I'm new to Java and have to compile lexer from the arithmetic exression for further calculation. I found useful code to check, but there is one problem while analizing string. When i have something like: 5-9.3 it determines as:
NUMBER 5
NUMBER -9.3
instead of
NUMBER 5
ADDSUBSTR -
NUMBER 9.3
Don't know how to fix it. Would appreciate your help. Want to solve it because it would be harder to cope with it while calculating. And sorry for my awful typesetting.
public class Lexer {
public static enum TokenType {
NUMBER("[-+]?[0-9]*\\.?[0-9]+([eE][-+]?[0-9]+)?"), ADDSUBSTR("[+|-]"), DIVMULT ("[/|*]"), WHITESPACE("[ \t\f\r\n]+");
public final String pattern;
private TokenType(String pattern) {
this.pattern = pattern;
}
}
public static class Token {
public TokenType token;
public String data;
public Token (TokenType token, String data) {
this.token = token;
this.data = data;
}
@Override
public String toString() {
return String.format("%s %s", token.name(), data);
}
}
public static ArrayList<Token> lexer(String s) {
ArrayList<Token> tokens = new ArrayList<>();
StringBuffer tokenBuffer = new StringBuffer();
for (TokenType tokenType : TokenType.values())

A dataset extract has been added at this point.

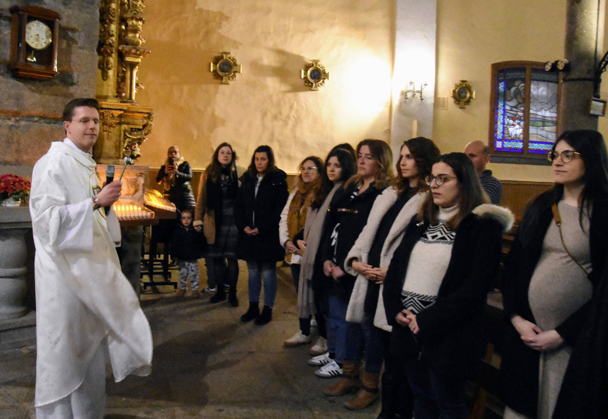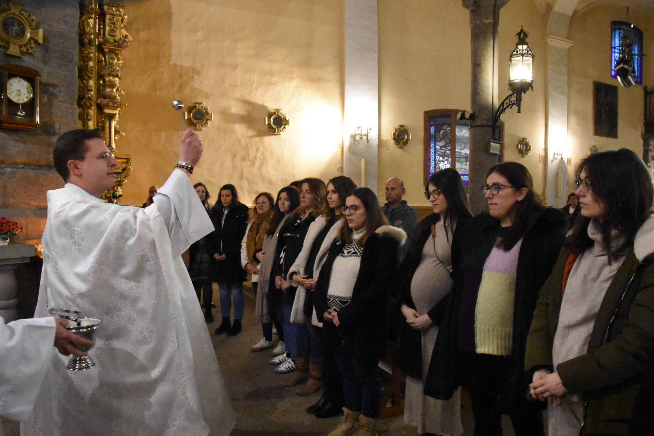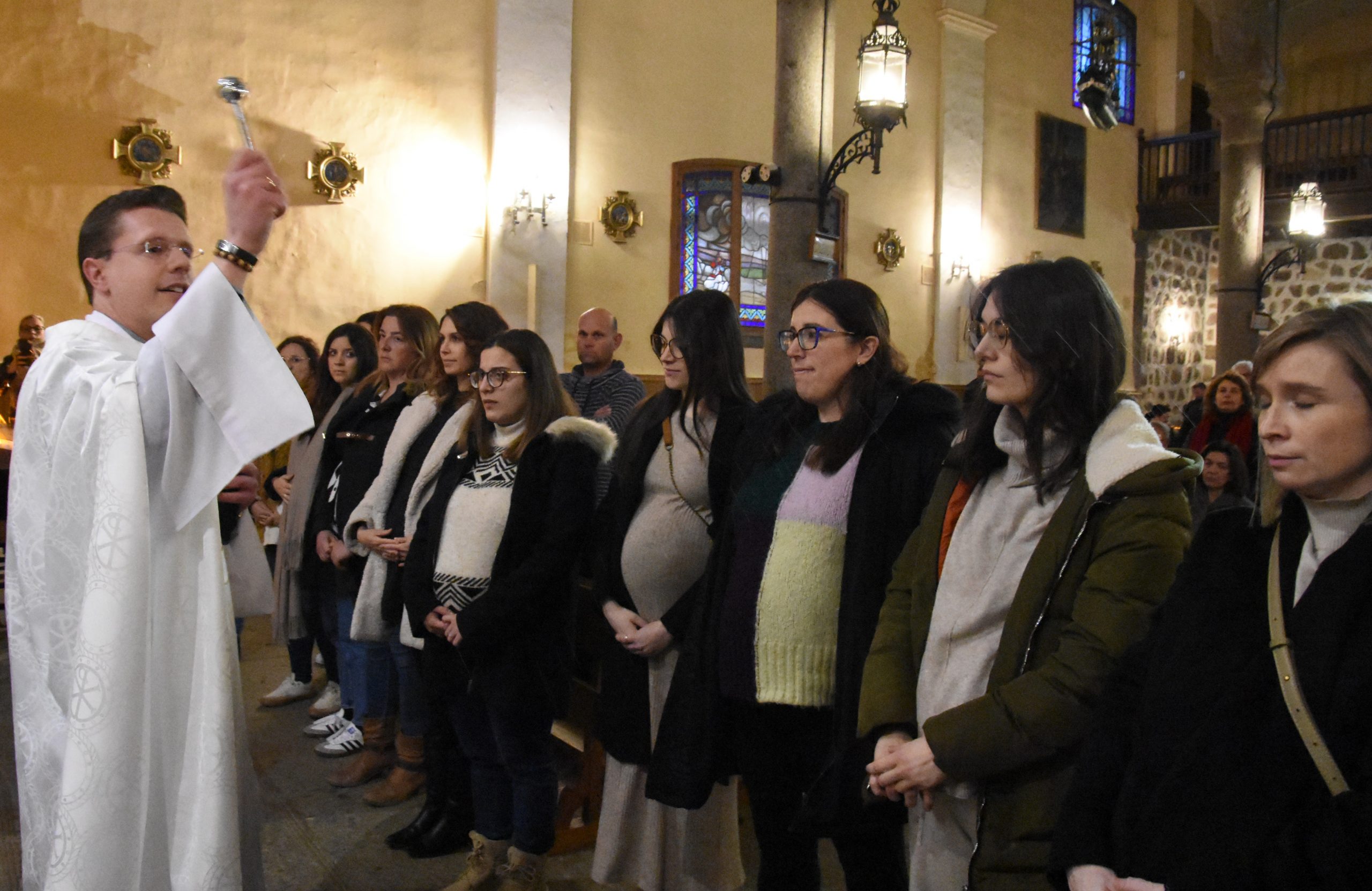 Nada menos que 17 mamás embarazadas se acercaron ayer martes al santuario diocesano de Nuestra Señora de Sonsoles para recibir la bendición para ellas y sus bebés. El emotivo acto, enmarcado en la fiesta de la Anunciación del Señor, fue presidido por el consiliario de Familia y Vida de la diócesis, el joven sacerdote Antonio Jiménez. Un precioso momento en el que quedó patente la alegría de engendrar nuevas vidas con amor, la protección y el cariño de unos padres, y la fe en Cristo.

tokenBuffer.append(String.format("|(?<%s>%s)", tokenType.name(), tokenType.pattern));
Pattern tokenPatterns = Pattern.compile(new String(tokenBuffer.substring(1)));
Matcher matcher = tokenPatterns.matcher(s);
while (matcher.find()) {
if (matcher.group(TokenType.NUMBER.name()) != null) {
tokens.add(new Token(TokenType.NUMBER, matcher.group(TokenType.NUMBER.name())));
}
else if (matcher.group(TokenType.ADDSUBSTR.name()) != null) {
tokens.add(new Token(TokenType.ADDSUBSTR, matcher.group(TokenType.ADDSUBSTR.name())));
}
else if (matcher.group(TokenType.DIVMULT.name()) != null) {
tokens.add(new Token(TokenType.DIVMULT, matcher.group(TokenType.DIVMULT.name())));
}
else if (matcher.group(TokenType.WHITESPACE.name()) != null);
}
return tokens;
}
public static void main(String[] args) {
try (Scanner in = new Scanner(System.in)) {
String input = in.nextLine();
ArrayList<Token> tokens = lexer(input);
for (Token token : tokens)
System.out.println(token);
}
}
}